Given a file name, this method freezes the tree to that file. Unlike the write_tree() method, this method does write out a MaxMind DB file. Instead, it writes out something that can be quickly thawed via the MaxMind::DB::Writer::Tree->new_from_frozen_tree constructor. This is useful if you want to pass the in-memory representation of the tree between processes.

$tree->ip_version()

Returns the tree's IP version, as passed to the constructor.

$tree->record_size()

Returns the tree's record size, as passed to the constructor.

$tree->merge_record_collisions()

Returns a boolean indicating whether the tree will merge colliding records, as determined by the constructor parameter.

$tree->map_key_type_callback()

Returns the callback used to determine the type of a map's values, as passed to the constructor.

$tree->database_type()

Returns the tree's database type, as passed to the constructor.

$tree->languages()

Returns the tree's languages, as passed to the constructor.

$tree->description()

Returns the tree's description hashref, as passed to the constructor.

$tree->alias_ipv6_to_ipv4()

Returns a boolean indicating whether the tree will alias some IPv6 ranges to their corresponding IPv4 ranges when the tree is written to disk.

MaxMind::DB::Writer::Tree->new_from_frozen_tree()

This method constructs a tree from a file containing a frozen tree.

This method accepts the following parameters:

  • filename

    The filename containing the frozen tree.

    This parameter is required.

  • map_key_type_callback

    This is a subroutine reference that is called in order to determine how to store each value in a map (hash) data structure.
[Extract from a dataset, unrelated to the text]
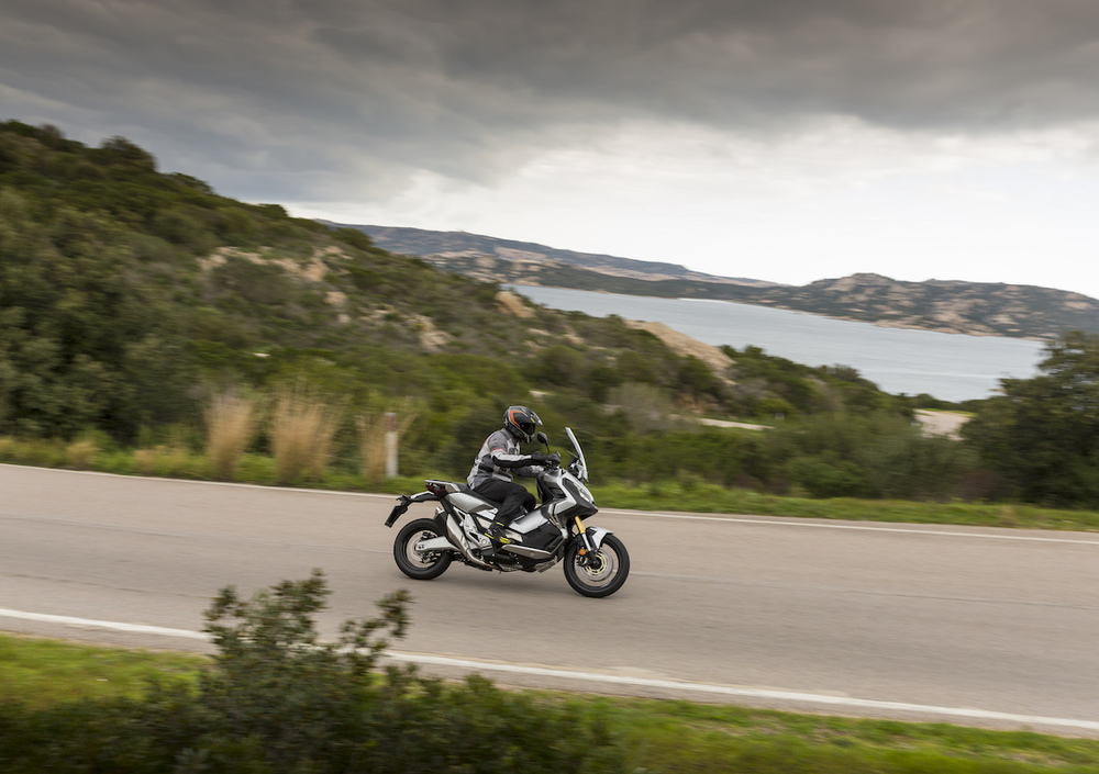 Nei trasferimenti l’X-ADV fa trasparire l’unico, leggerissimo difetto che siamo riusciti a trovargli: qualche leggera vibrazione che filtra in zona pedana agli alti regimi. Poca roba, e facilmente trascurabile in un quadro generale davvero positivo, anche perché, per contro, la protezione aerodinamica è eccellente. Con il plexi regolato sulla posizione più alta si tengono medie da granturismo lasciando fuori dalla pressione aerodinamica solamente le spalle, fatte salvo naturalmente stature cestistiche.

See "DATA TYPES" below for more details.

    This needs to be passed because subroutine references cannot be reliably serialized and restored between processes.
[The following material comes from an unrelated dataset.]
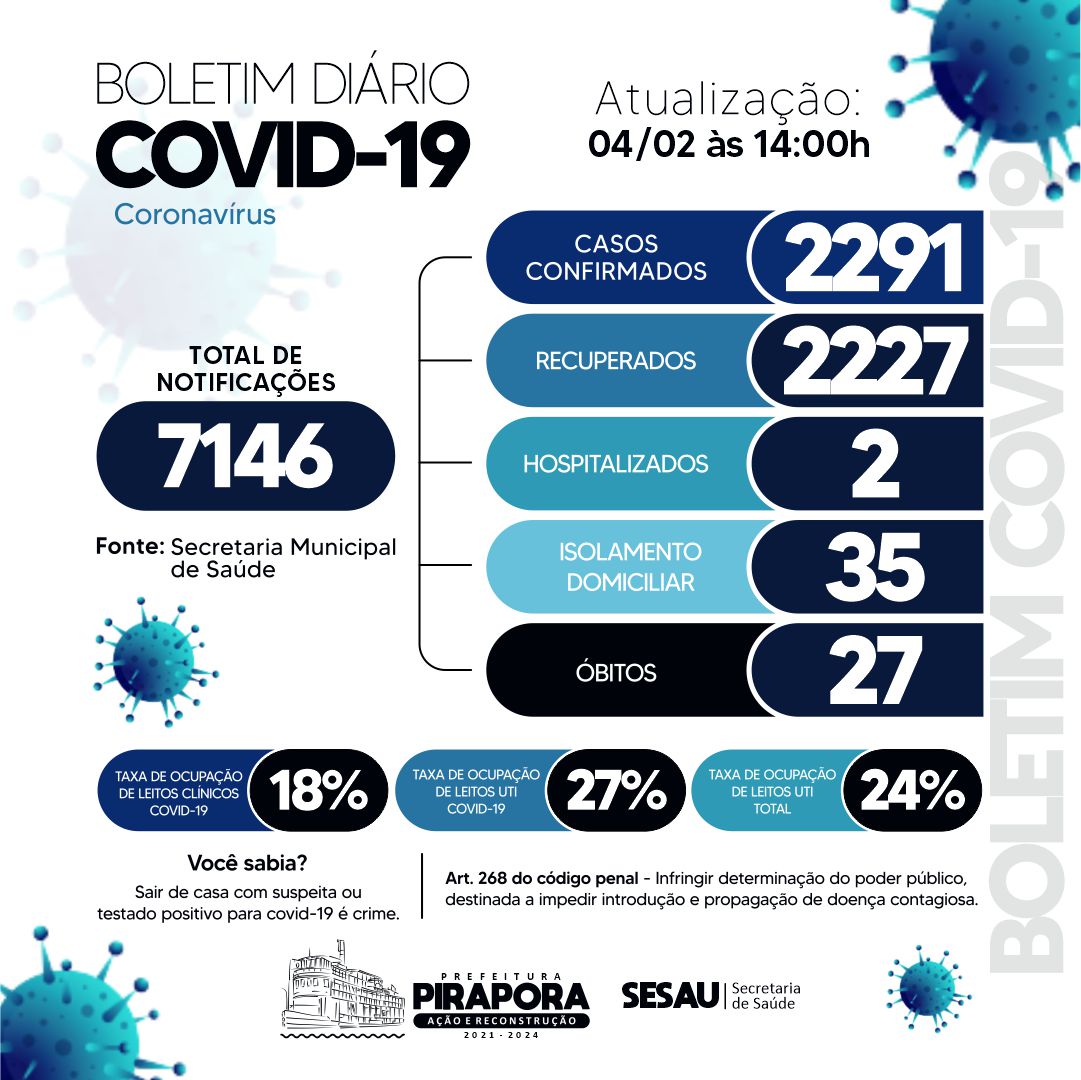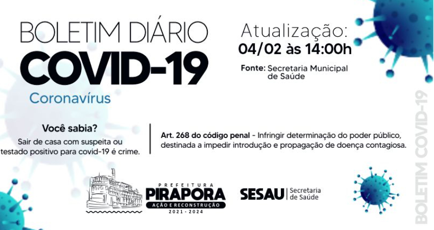 O Comitê Técnico de Enfrentamento da Covid-19 de Pirapora divulga o boletim desta quinta-feira (04/02), com 14 casos positivos para covid-19. São 09 mulheres e 05 homens, com idade entre 26 a 74 anos.

    This parameter is required.

  • database_type

    Override the <database_type> of the frozen tree. This accepts a string of the same form as the <new()> constructor.
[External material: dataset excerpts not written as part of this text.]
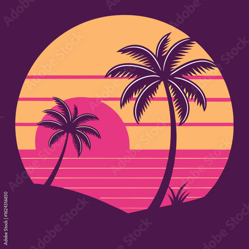 © MDNUR, Naklejka premium Vector art of retro sunset with palm trees on a tropical beach in vintage style
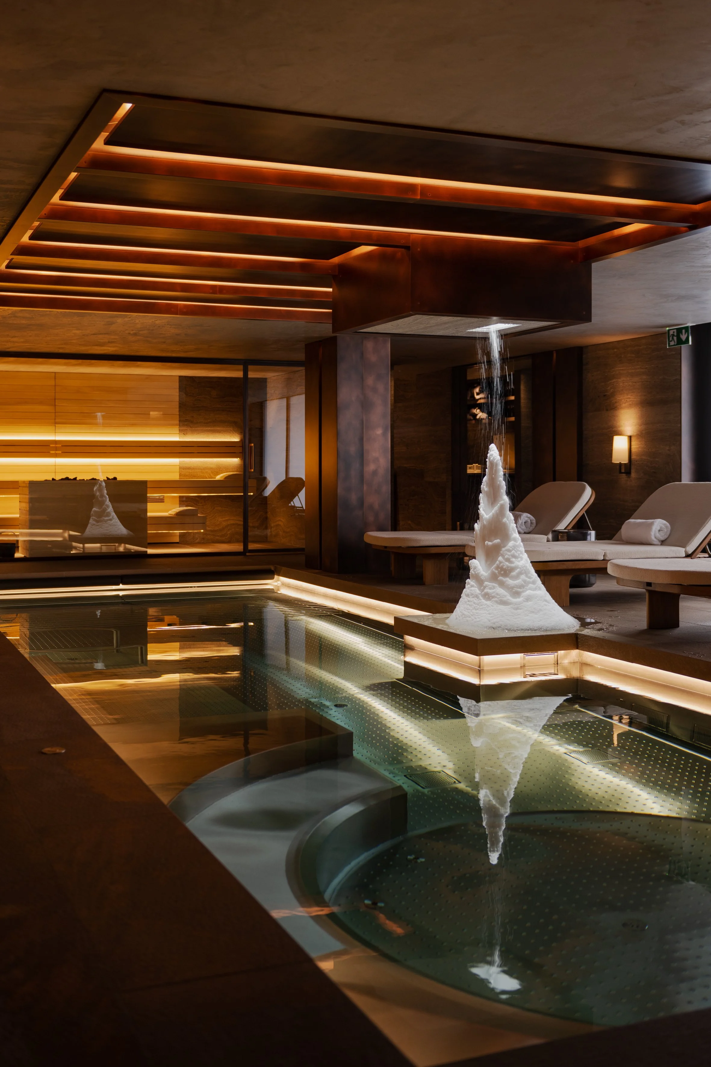 Indulge in an array of luxurious amenities, including a spacious living room with a fireplace, a state-of-the-art indoor pool, a hammam, a sauna, and an outdoor Jacuzzi. The large south-facing terrace, complete with a fire pit, offers stunning panoramic views of the surrounding mountains, providing the perfect setting for relaxation and contemplation. The amenities include:
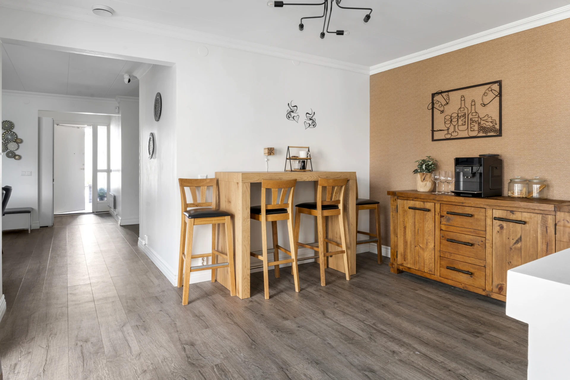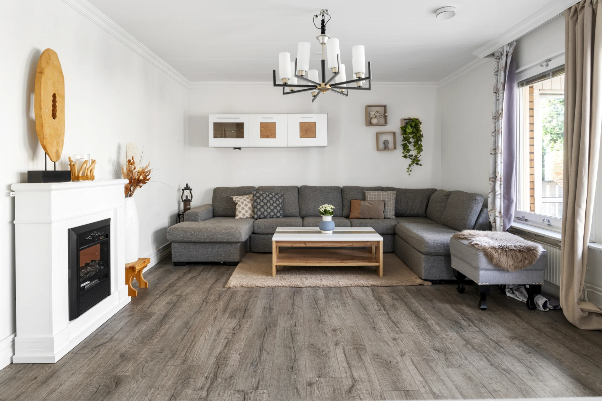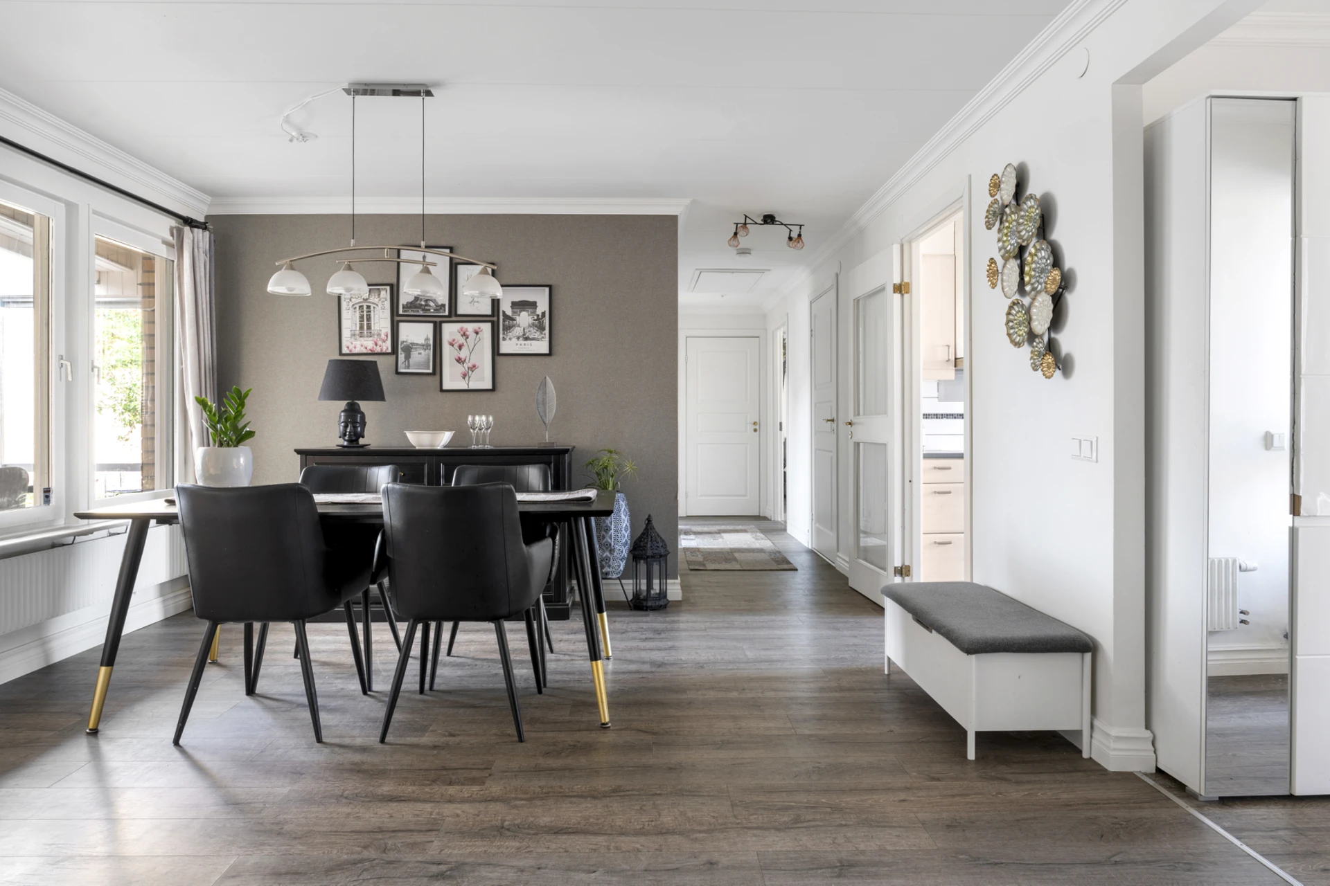 Mörkt laminatgolv och ljusa väggar med fondvägg.
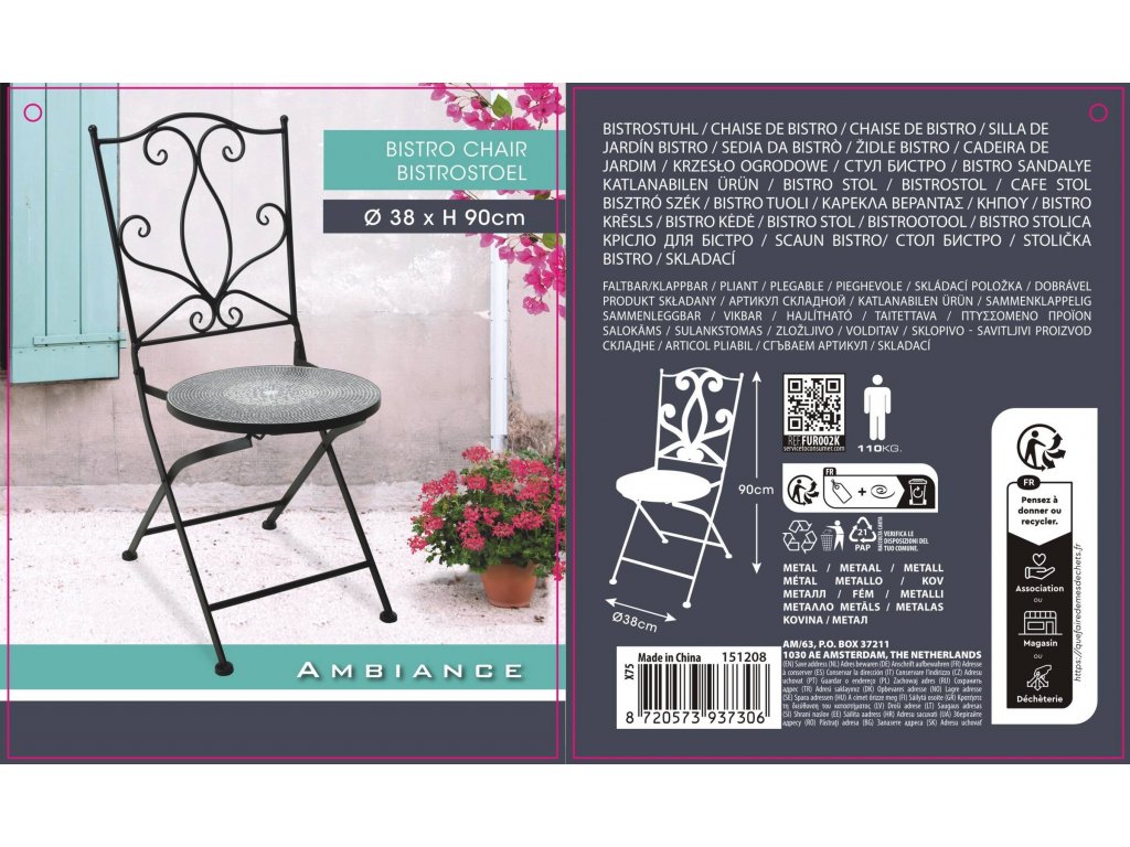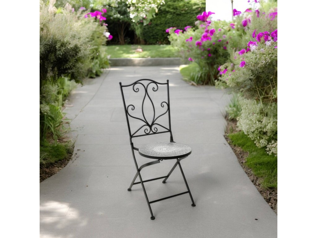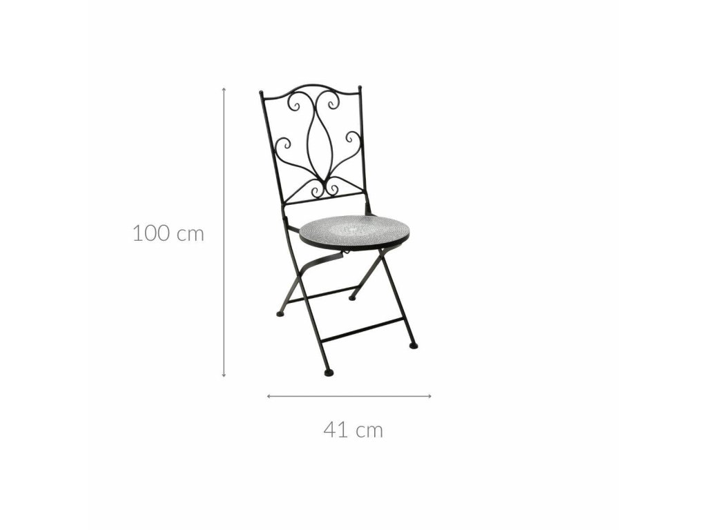 • Mozaika v loftovém provedení: Černé kovové rámy v kombinaci s ozdobným sedákem tvoří elegantní židli, která se skvěle hodí k různým dekorativním stylům v zahradě. Mozaika v tlumených barvách je vynikající alternativou ke klasickým židlím ve španělském stylu. Rozměry: 50 x 38,5 x (v.) 92 cm.

    This parameter is optional.

  • description

    Override the <description> of the frozen tree. This accepts a hashref of the same form as the <new()> constructor.

    This parameter is optional.

Caveat for Freeze/Thaw

The frozen tree is more or less the raw C data structures written to disk. As such, it is very much not portable, and your ability to thaw a tree on a machine not identical to the one on which it was written is not guaranteed.

In addition, there is no guarantee that the freeze/thaw format will be stable across different versions of this module.

DATA TYPES

The MaxMind DB file format is strongly typed. Because Perl is not strongly typed, you will need to explicitly specify the types for each piece of data. Currently, this class assumes that your top-level data structure for an IP address will always be a map (hash). You can then provide a map_key_type_callback subroutine that will be called as the data is serialized. This callback is given a key name and is expected to return that key's data type.

Let's use the following structure as an example:

{
    names => {
        en => 'United States',
        es => 'Estados Unidos',
    },
    population    => 319_000_000,
    fizzle_factor => 65.7294,
    states        => [ 'Alabama', 'Alaska', ... ],
}

Given this data structure, our map_key_type_callback might look something like this:

my %types = (
    names         => 'map',
    en            => 'utf8_string',
    es            => 'utf8_string',
    population    => 'uint32',
    fizzle_factor => 'double',
    states        => [ 'array', 'utf8_string' ],
);

sub {
    my $key = shift;
    return $type{$key};
}

If the callback returns undef, the serialization code will throw an error. Note that for an array we return a 2 element arrayref where the first element is 'array' and the second element is the type of content in the array.

The valid types are:

  • utf8_string

  • uint16

  • uint32

  • uint64

  • uint128

  • int32

  • double

    64 bits of precision.

  • float

    32 bits of precision.

  • boolean

  • map

  • array

AUTHORS

  • Olaf Alders <oalders@maxmind.com>

  • Greg Oschwald <goschwald@maxmind.com>

  • Dave Rolsky <drolsky@maxmind.com>

COPYRIGHT AND LICENSE

This software is copyright (c) 2015 by MaxMind, Inc..

This is free software; you can redistribute it and/or modify it under the same terms as the Perl 5 programming language system itself.